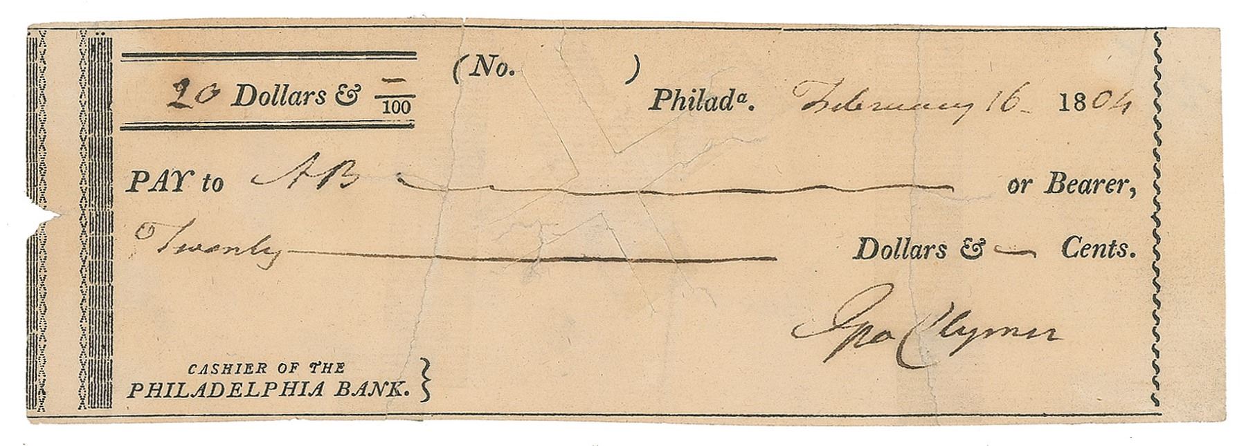 Philadelphia Bank check, 6.75 x 2.25, filled out and signed by Clymer, "Geo. Clymer," payable to AB for $20, February 16, 1804. In very good to fine condition, with repairs to two vertical tears, one of which passes through the first letter of Clymer's surname.
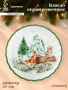 Блюдо новогоднее сервировочное Доляна «Зверьки в лесу», d=19 см, h=2.1 см, стекло, разноцветное - Фото 1
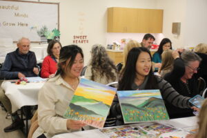 People painted many different patterns and landscapes. Some followed Amy’s lessons while others free-handed famous Santa Clarita landscapes.
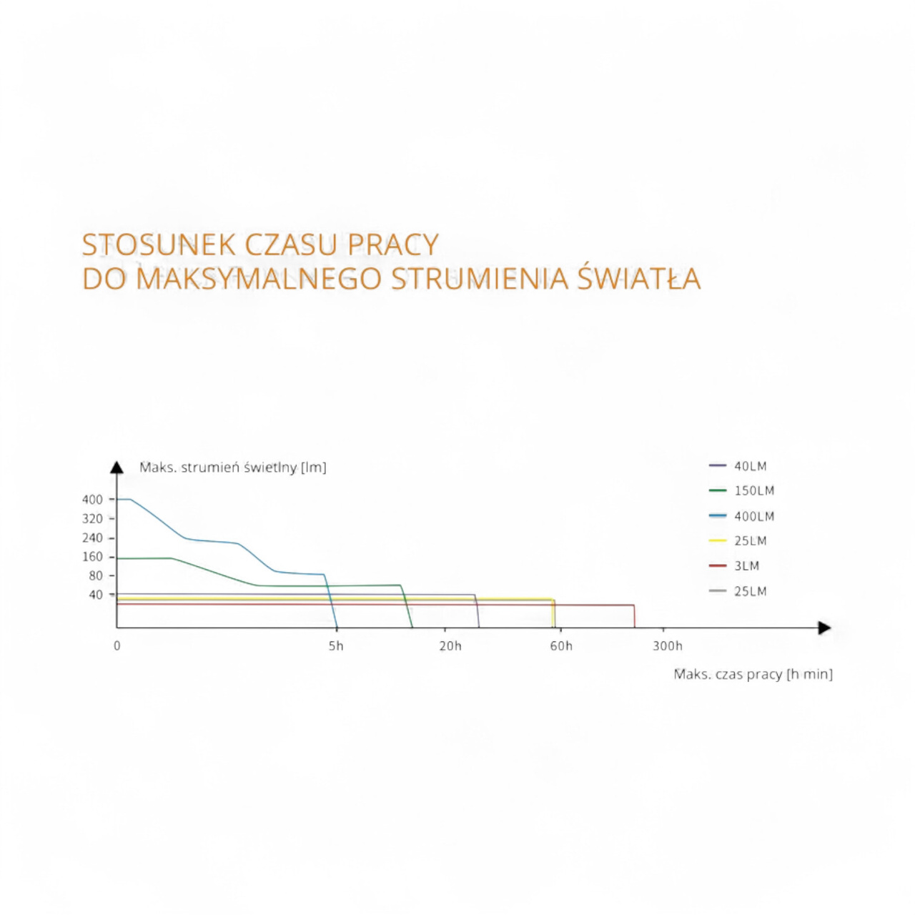 The flashlight provides white and red light. The maximum white light output is 400 lumens, with a battery life of up to 5 hours in this mode. The following modes are also available: medium (150 lumens), low (40 lumens), dim 1 (3 lumens), dim 2 (25 lumens) and front directional light (25 lumens). The red light operates in two modes: continuous (1 lumen) and flashing (1 lumen). The wavelength of the red light (622-720 nm) allows visibility from distances of up to 500 metres.

### Problem to solve
Reproduce the listing exactly. The pictures are to be omitted.

### Worked solution
 Philadelphia Bank check, 6.75 x 2.25, filled out and signed by Clymer, "Geo. Clymer," payable to AB for $20, February 16, 1804. In very good to fine condition, with repairs to two vertical tears, one of which passes through the first letter of Clymer's surname.
 Блюдо новогоднее сервировочное Доляна «Зверьки в лесу», d=19 см, h=2.1 см, стекло, разноцветное - Фото 1
 People painted many different patterns and landscapes. Some followed Amy’s lessons while others free-handed famous Santa Clarita landscapes.
 The flashlight provides white and red light. The maximum white light output is 400 lumens, with a battery life of up to 5 hours in this mode. The following modes are also available: medium (150 lumens), low (40 lumens), dim 1 (3 lumens), dim 2 (25 lumens) and front directional light (25 lumens). The red light operates in two modes: continuous (1 lumen) and flashing (1 lumen). The wavelength of the red light (622-720 nm) allows visibility from distances of up to 500 metres.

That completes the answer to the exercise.